Tuesday, June 18, 2013

Meet James Taranto


He works for the Wall Street Journal and represents the other main stream in anti-feminists thinking.  The first one is based on guy-religions, the second one is based on the more religious type of evolutionary psychology.  Taranto is within the latter camp.

Now he tells us that there is a war against men, specifically against male sexuality.  That he doesn't define that concept makes it hard to say what he means by the whole thing.  It has something to do with the second wave of feminism, in the 1960s and 1970s, which was all a big mistake, as far as our James is concerned.  Probably because of that evolutionary stuff in his religion.

In this video Taranto discusses one sexual abuse case from the military.  It's clever work.  He dissects one case which we are to take as a general example of how such things go*. 

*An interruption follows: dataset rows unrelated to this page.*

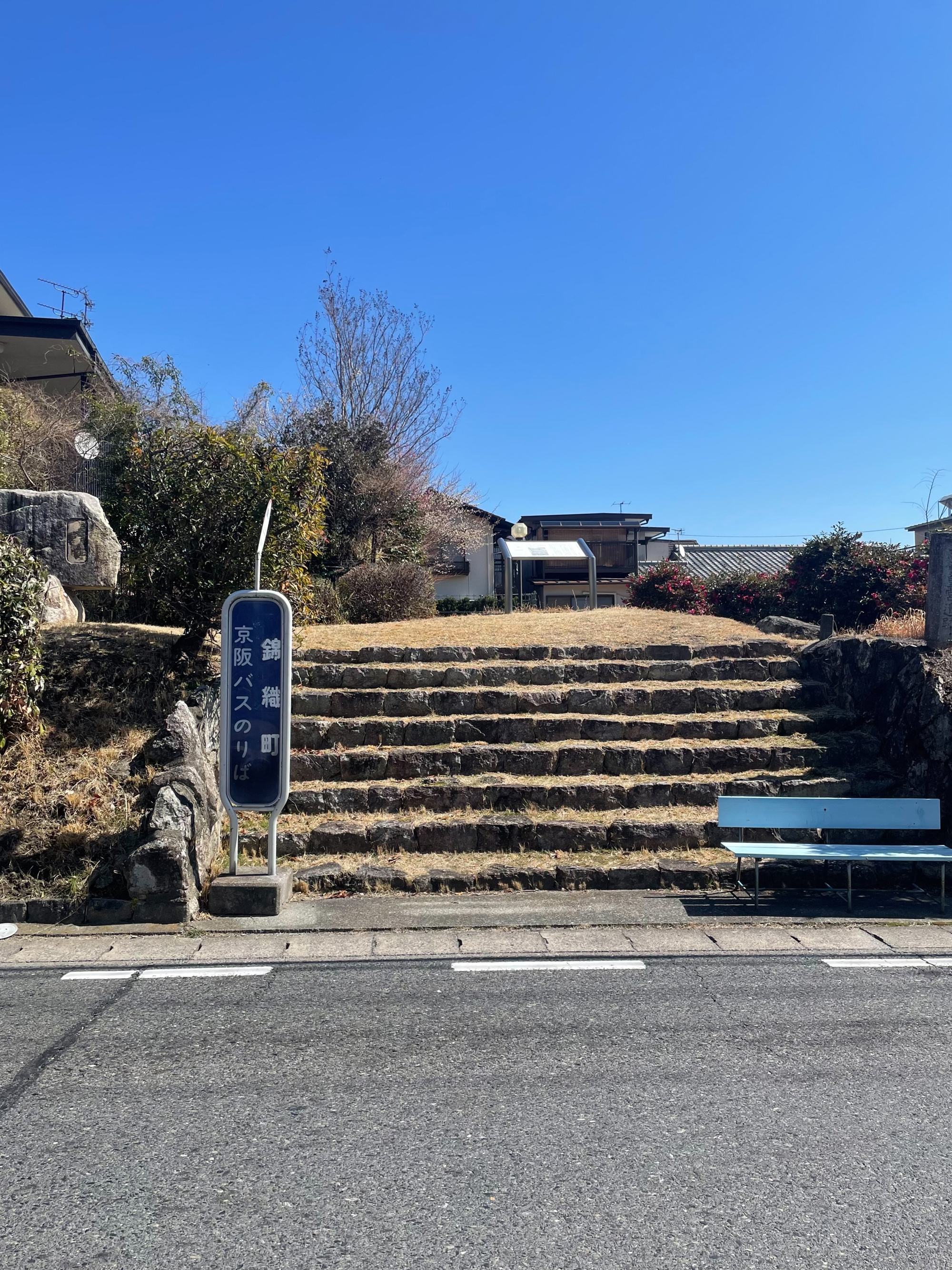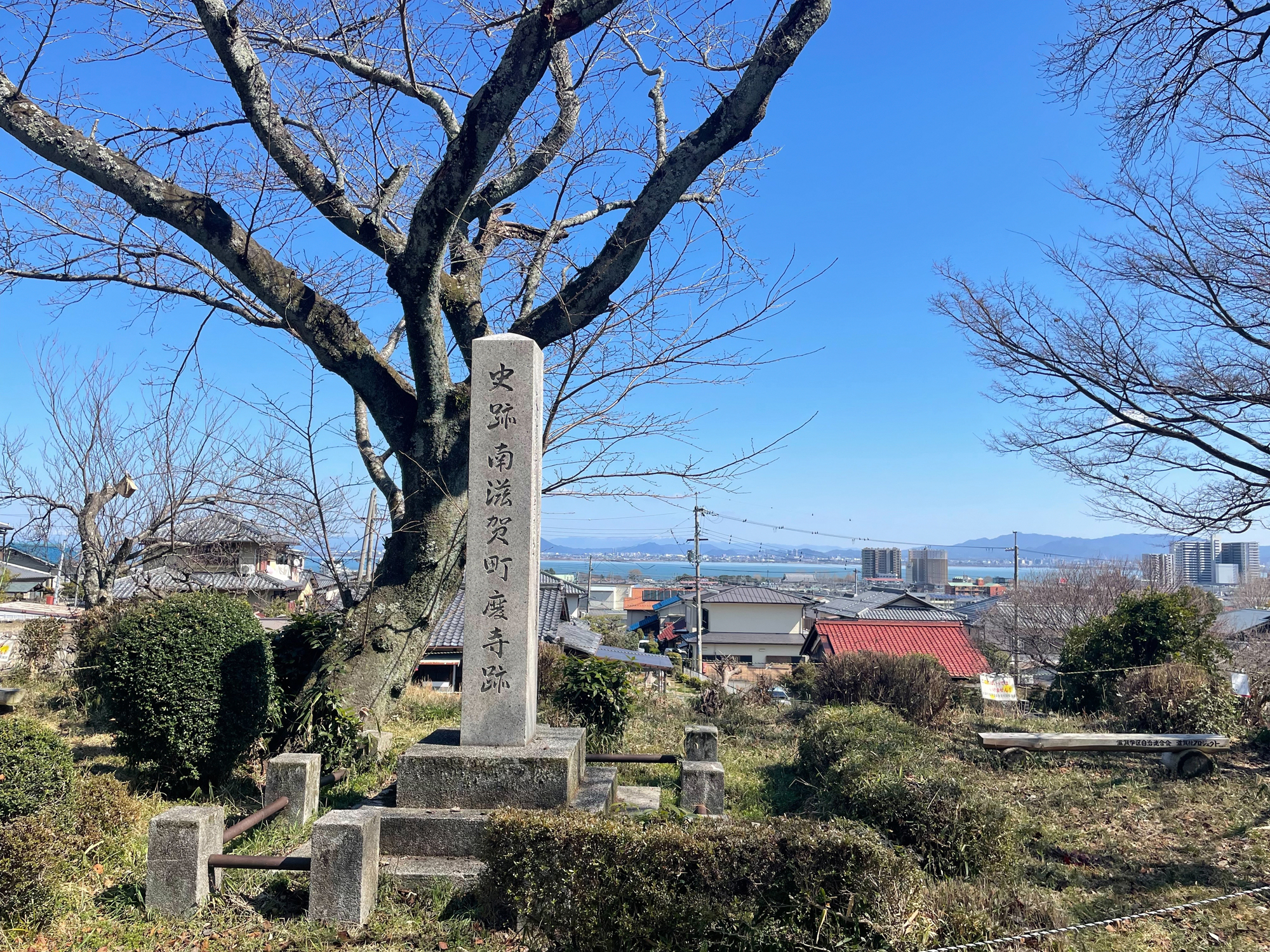 京都からバイクで山中越を抜けると20分くらいで琵琶湖が眼下に広がります。近江神宮の前を過ぎて右に折れ、すぐの橋を渡ると錦織という住宅街に出ます。目立たないのでうっかりしていると見落としてしまいそうですが、この家々の間に、飛鳥時代の遺構、大津宮の跡といわれる錦織遺跡が点在しています。
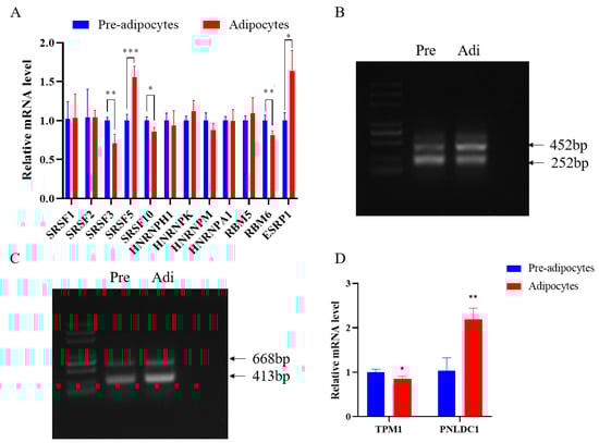 To further validate the accuracy of the sequencing and prediction data, we examined the expression of the alternative splicing factor SRSF gene family, RBM gene family and HNRNP gene family before and after adipocyte differentiation. Significant differences were found in the SRSF3, SRSF5, SRSF10, RBM6 and ESRP1 genes (Figure 4A). Following this, we validated tropomyosin 1 (TPM1) and PARN like ribonuclease domain containing exonuclease 1 (PNLDC1) by PCR and RT-qPCR. TPM1 has three transcripts, the long transcript is expressed at a lower level in pre-adipocytes, and PNLDC1 also has two transcripts, both of which are expressed at a higher level in adipocytes. (Figure 4C). RT-qPCR results showed that the expression of TPM1 decreased after adipocyte differentiation, and the expression of PNLDC1 increased after adipocyte differentiation. The results show that, consistent with the sequencing results, TPM1 and PNLDC1 incidence differential variable shearing during adipocyte differentiation.
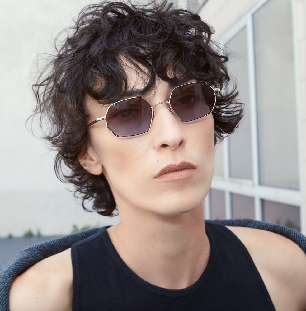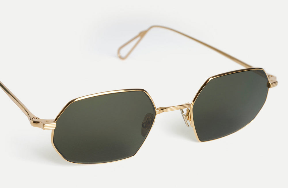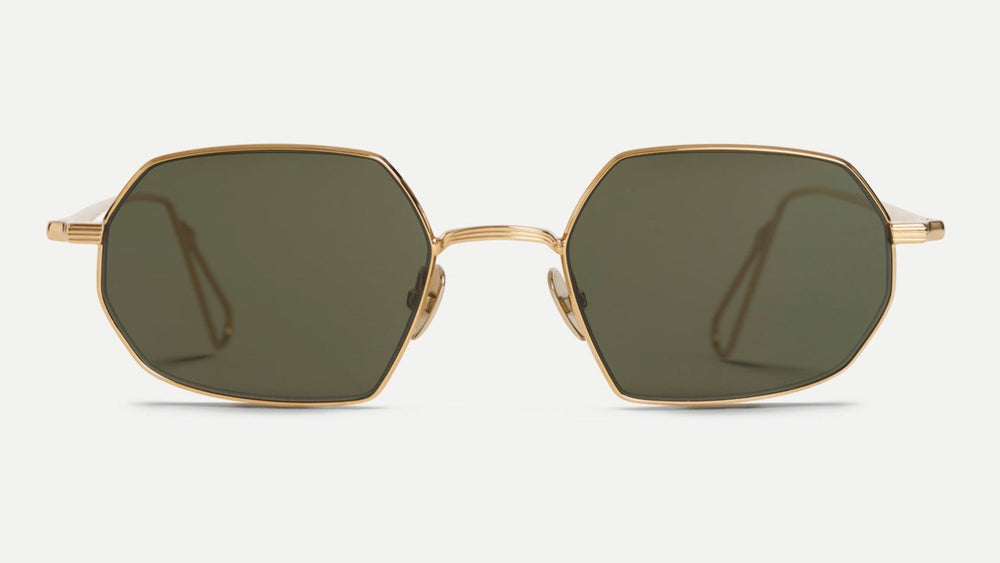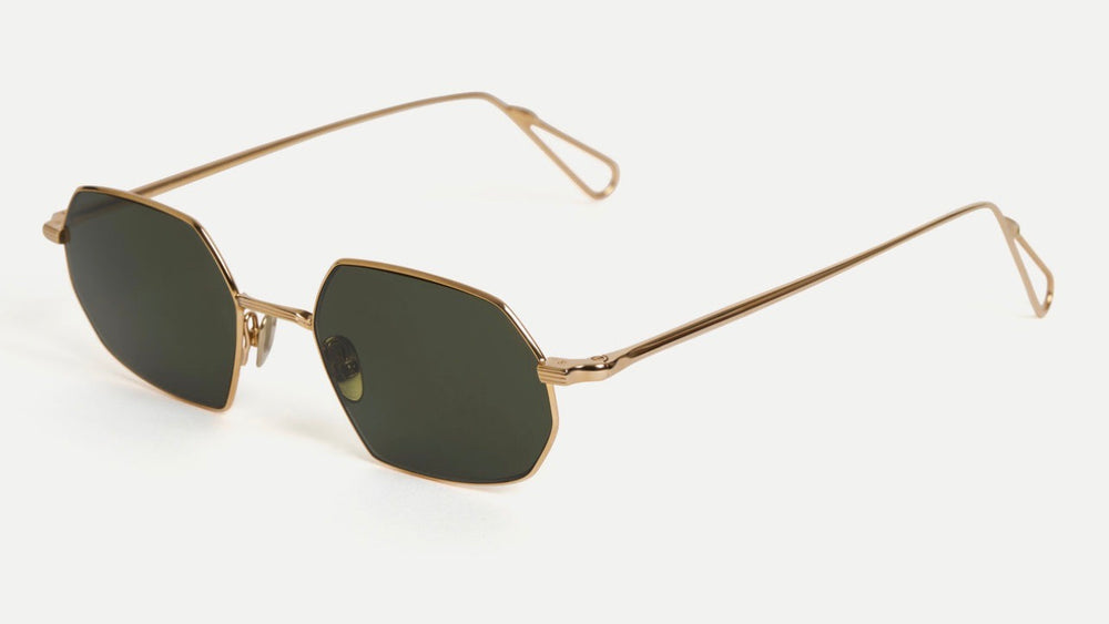 Elegant hexagonal sunglasses with a refined gold metal frame and sophisticated dark green lenses. The design features clean lines with angular geometric shapes, thin temple arms, and delicate nose pads. The sunglasses exhibit a minimalist yet luxurious aesthetic with excellent attention to detail in the metalwork, particularly around the frame corners and bridge construction. The style bridges vintage inspiration with contemporary design sensibilities, making them suitable for both formal and casual wear.

At the end of the video, Taranto blames women's sexual freedom for the war on men.  At least that's how I interpret his statement, and that makes my head hurt.  Is he saying that if women get drunk and enter a car with a man they have only themselves to blame for what happens next?  Would there be no such war on men if we had all women in burqas or locked up in their homes?  But how would that stop the war on male sexuality?  What does he mean by men's sexuality?

I don't intend that fuzzy paragraph as sarcasm, mostly.  I just wish to point out that Taranto's arguments are unclear, that deep beneath the surface there must lurk some sort of a hidden and menacing assumption about violence and sex, entitlement to sex, our immutably biological urges and other similar stuff.





------
*That's a  common trick in persuasive writing of the kind which doesn't care about averages and statistics and so on.   For instance, you pick either Einstein or Hitler as your specimen guy, and either Mother Theresa or Britney Spears as your specimen gal, and then you let your words fly, to prove something about whole genders.

Note that this is not meant as a statement about the case Taranto discusses.  I haven't read the material to judge his arguments about Lieutenant General Helms as such.  The point is that  one case is not proof of the general tendencies.